Obviously we need to classify them somewhere, but in terms of the ethics of eating them for food they seem closer to plants than mammals to me. After all plants can also communicate, and respond to stimuli including sending out warning signals when they're being eaten (are they suffering? No way of knowing, consciousnessis not well defined).
Personally, honey is for me less an animal, because it's an animal product
Jellyfish is an animal in itself
But to be honest, I'm a carnivore, so I'm just talking out of my ass and anyone else can probably give more educated answers
Edit: and as far as I understand, it's not about mammals, it's just if it lives.
For me the border is also hard to draw, because, as you say, plants communicate and seem to feel stress (which could be interpreted as pain)
It's a personal thing anyway.
Edit 2: there are also grades of vegetarian/veganism
Like only eating fruits/nuts, that already dropped from the living plant.

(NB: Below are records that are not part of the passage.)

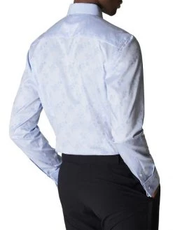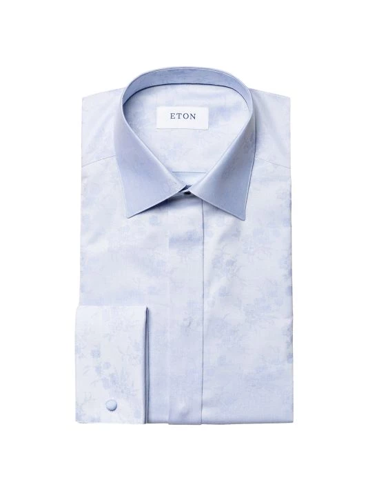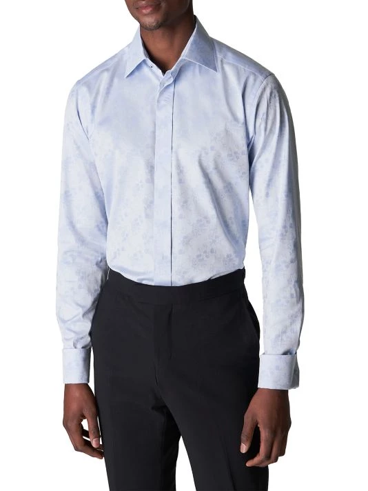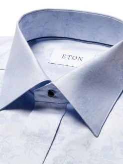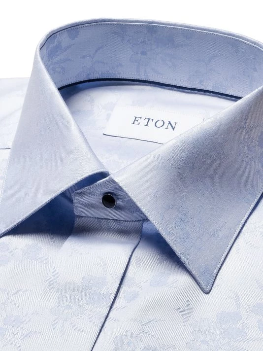 Floral jacquard and a sleek color decorate Eton’s crisp crease-resistant dress shirt.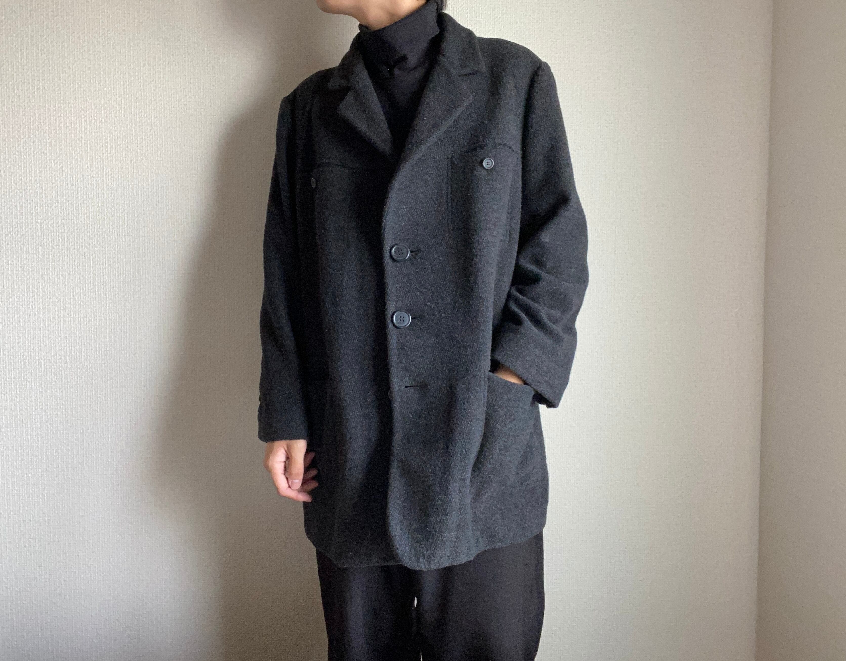 ミリタリーユニフォームなどをイメージさせるようなポケットデザイン、ややゆったりとしたシルエットや長めの着丈、肩あたりに入ったダーツによる丸みのあるフォルムなど、イタリアブランドらしいエレガントさがありながらも、どこか無骨で街着感のある野暮ったい雰囲気が最高です。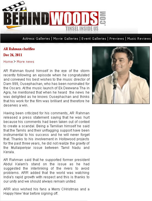- Rahman wants DAM999 to bring back the Oscars -Tamil.galatta.com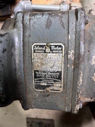 LeLand Motor, thermally protected, dual voltage 115/230V, 1/3 HP, 1725 RPM (per tag).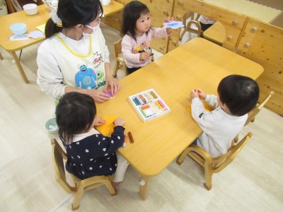 クレパスの色にこだわりながらダイナミックにお絵描きを楽しんだり、はみ出さないように丁寧に描き進めたり等様々な子どもの姿が見られました。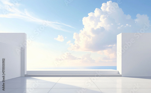 白い壁と青空が広がるシンプルで開放的な風景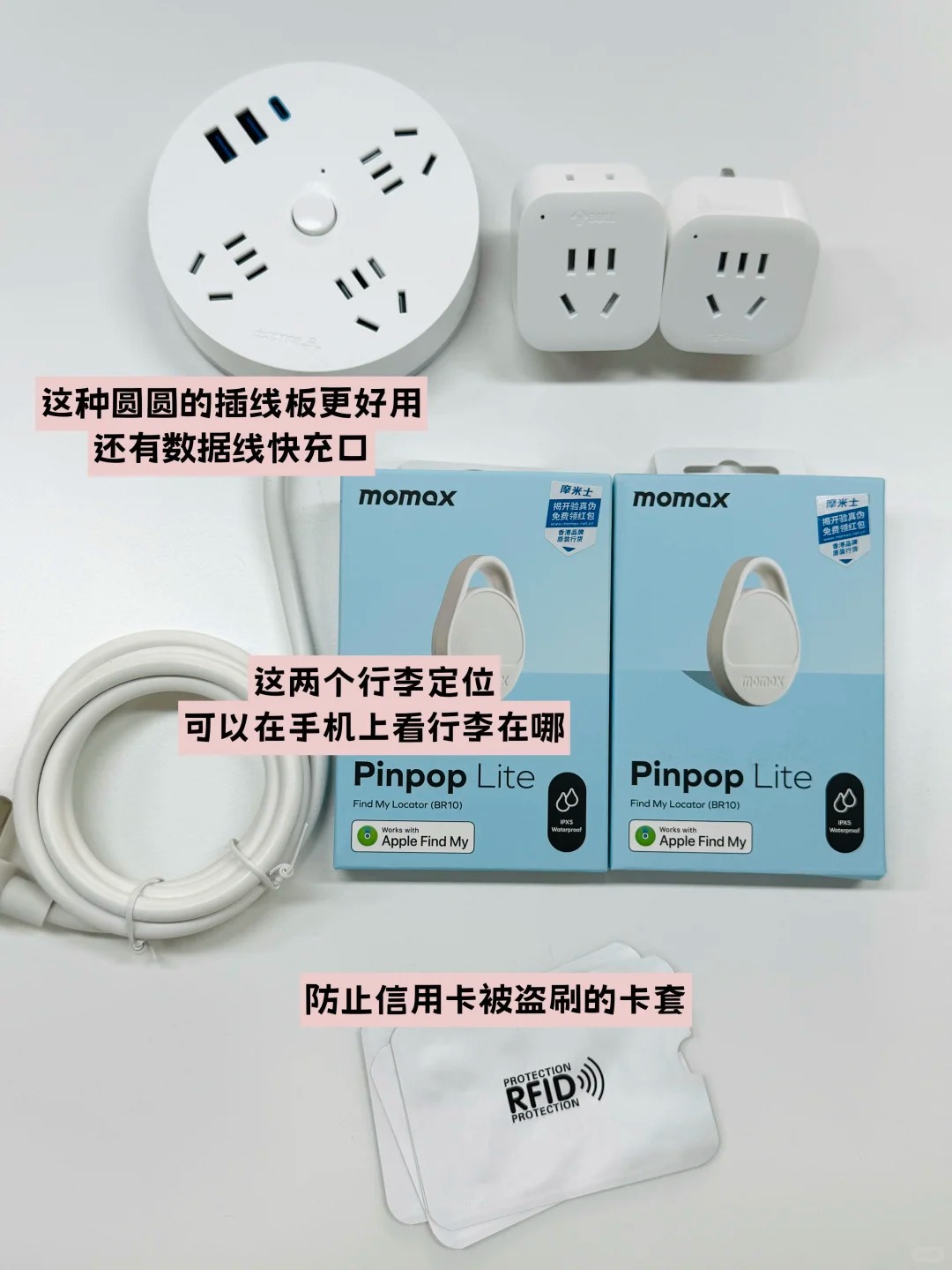 2.插线板(买的是圆盘的这种排插,这样插头就不会挤得插不上了,还能直接插数据线给手机或充电宝充电)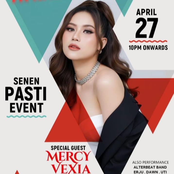 DJ Mercy Vexia bakal tampil Senin (27/4/2026) malam ini di lantai 2 Versus Cirebon yang berlokasi di Ruko Kagum di Jalan Tuparev, Kedawung.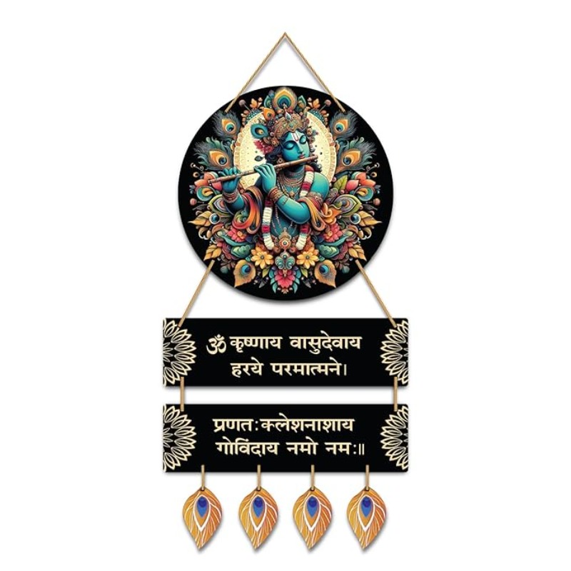 Kaameri Bazaar Wood Hare Krishna Vasudevaya Haraye Paramatmane Krishna Mantra Wall Hanging for Living Room|Home Decoration Item|Wall Art,63 Cm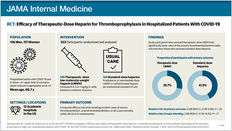 En este ensayo clínico aleatorizado, la heparina de bajo peso molecular (HBPM) en dosis terapéuticas redujo la tromboembolia mayor y la muerte en comparación con la tromboprofilaxis estándar institucional con heparina entre los pacientes hospitalizados con COVID-19 con niveles muy elevados de dímero-D. El efecto del tratamiento no se observó en los pacientes de la UCI. JAMA Internal Medicine, 7 de octubre de 2021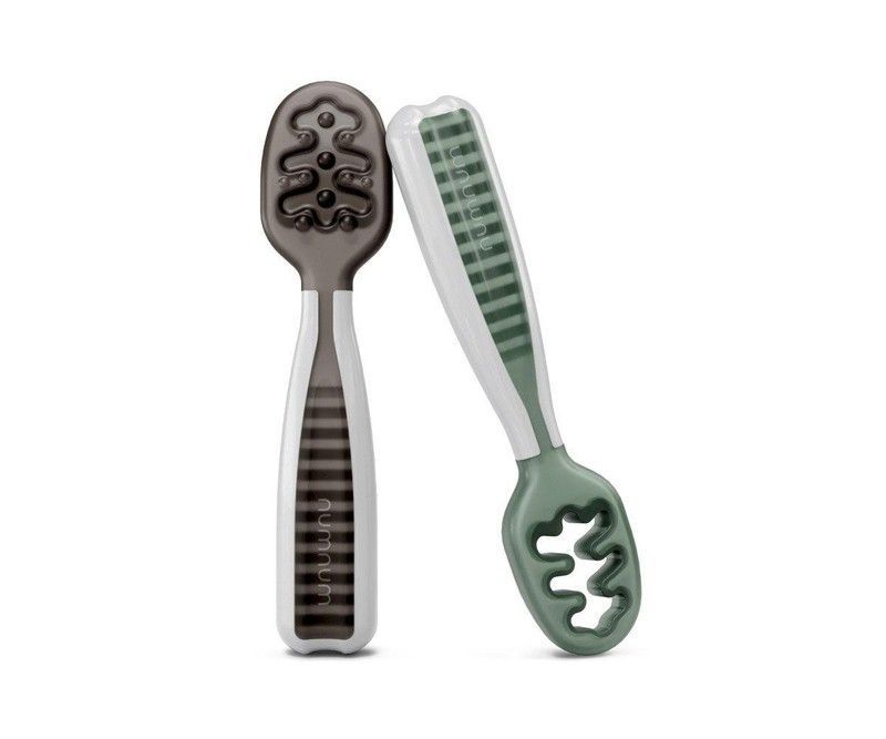 Cuchara pre-masticadora NumNum en tonos gris y verde, ideal para bebés en etapa de dentición. Fabricada en silicona suave y plástico seguro, con diseño ergonómico antideslizante y textura para masajear encías. Perfecta para introducir alimentos blandos y estimular la alimentación autónoma desde los primeros meses.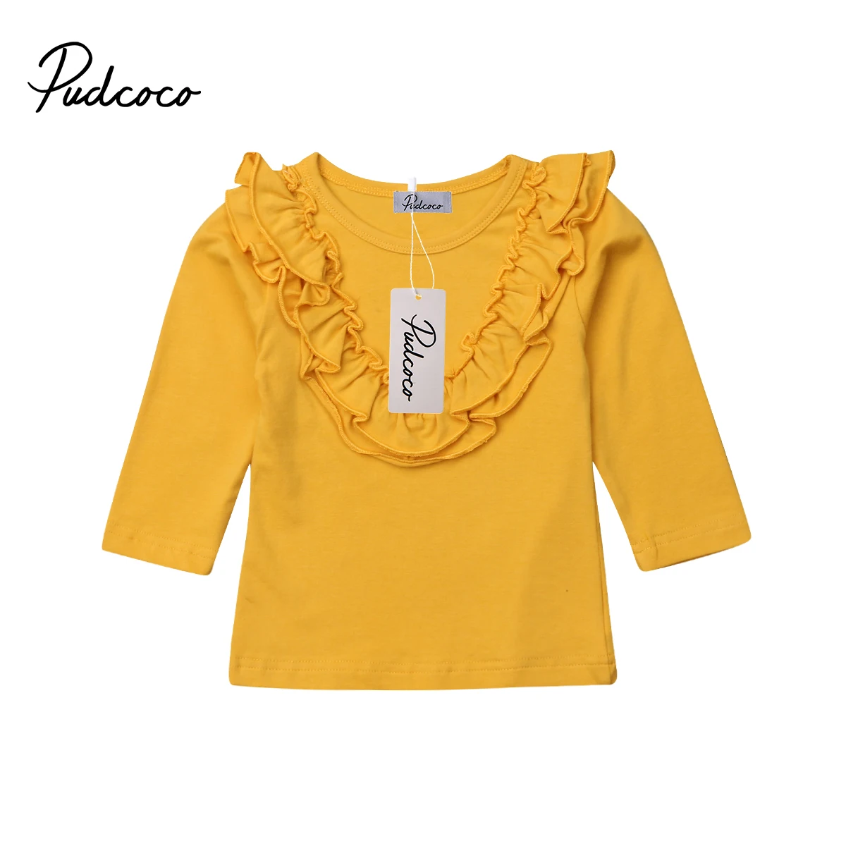 Лидер продаж, хлопковая футболка с длинными рукавами для маленьких девочек От 0 до 5 лет одежда для детей весенне-осенние однотонные футболки с оборками, повседневные топы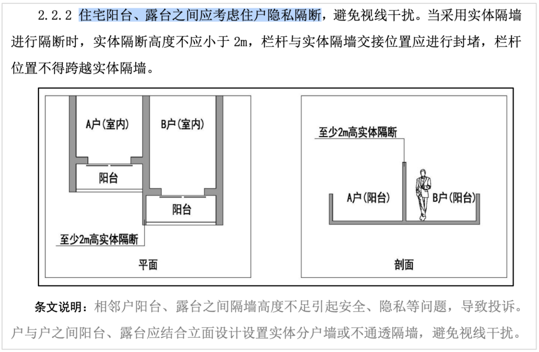 实体隔断高度不应小于2米,也是为了避免相邻阳台之间视线交错的尴尬。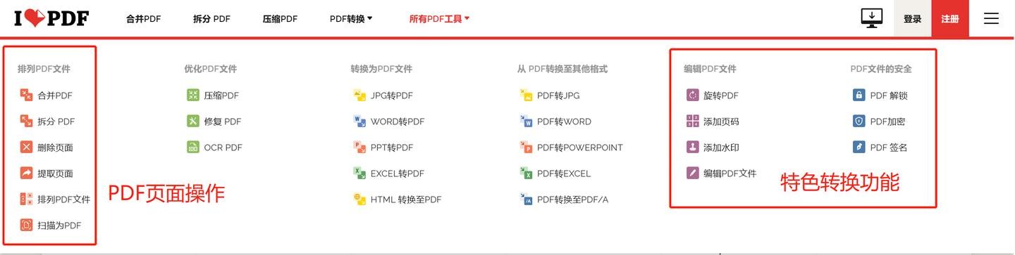 iLovePDF-面向PDF爱好者的在线PDF工具,它是一款免费的在线网站转换,无需用户注册。该软件提供了加入PDF、拆分PDF、压缩PDF、Word转PDF、PPT转PDF、Excel转PDF、PDF转JPG、添加水印PDF排序等多达十数种PDF处理功能。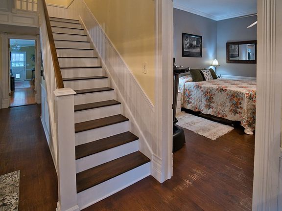 Beautiful, newly painted, Southern Gem on a corner lot. This immaculate 3 bed, 2 and 1/2 bath historic home has a spectacular wrap around front porch and two car carport with storage area. Inside, every room is spacious, features real hardwood floors and has large windows. Downstairs offers a 1/2 bath, formal living room, den, dining room, master bedroom with bathroom and 2nd bedroom. The kitchen displays lots of cabinets, an island, and breakfast area. Upstairs has a third bedroom, full bath, huge walk in closet and additional storage room. The attic offers plenty of space for extra storage. The backyard features a patio and fully fenced yard for the kids or fur babies to run and play. This beauty is conveniently located within walking distance of downtown. Bring the family and make memories.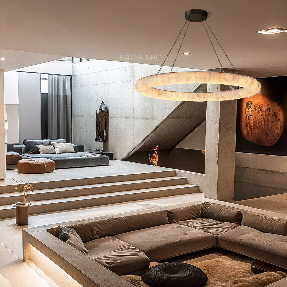 Our Rivage Lisse chandelier is minimalist in form and striking in effect, highlighting the beauty of calcite, a translucent stone that emits a warm, natural light. Suspended from slender steel cables, the chandelier’s halo of polished stone is skillfully pieced together to create a smooth, continuous surface, while subtle internal illumination highlights organic colors and textures. Each fixture is a unique statement.

Which would probably the most strict and consistent philosophy.
But food is always also a psychological thing.
I went for raw vegan food for some time (until mandatory military killed my diet), and all my allergies were gone
But a friend of mine was starving on the same diet and looked like shit.
Everyone is different...
Hmmm...Shoplifting meat doesn't create a market, in fact it discourages the market from carrying meat because they lose money on it....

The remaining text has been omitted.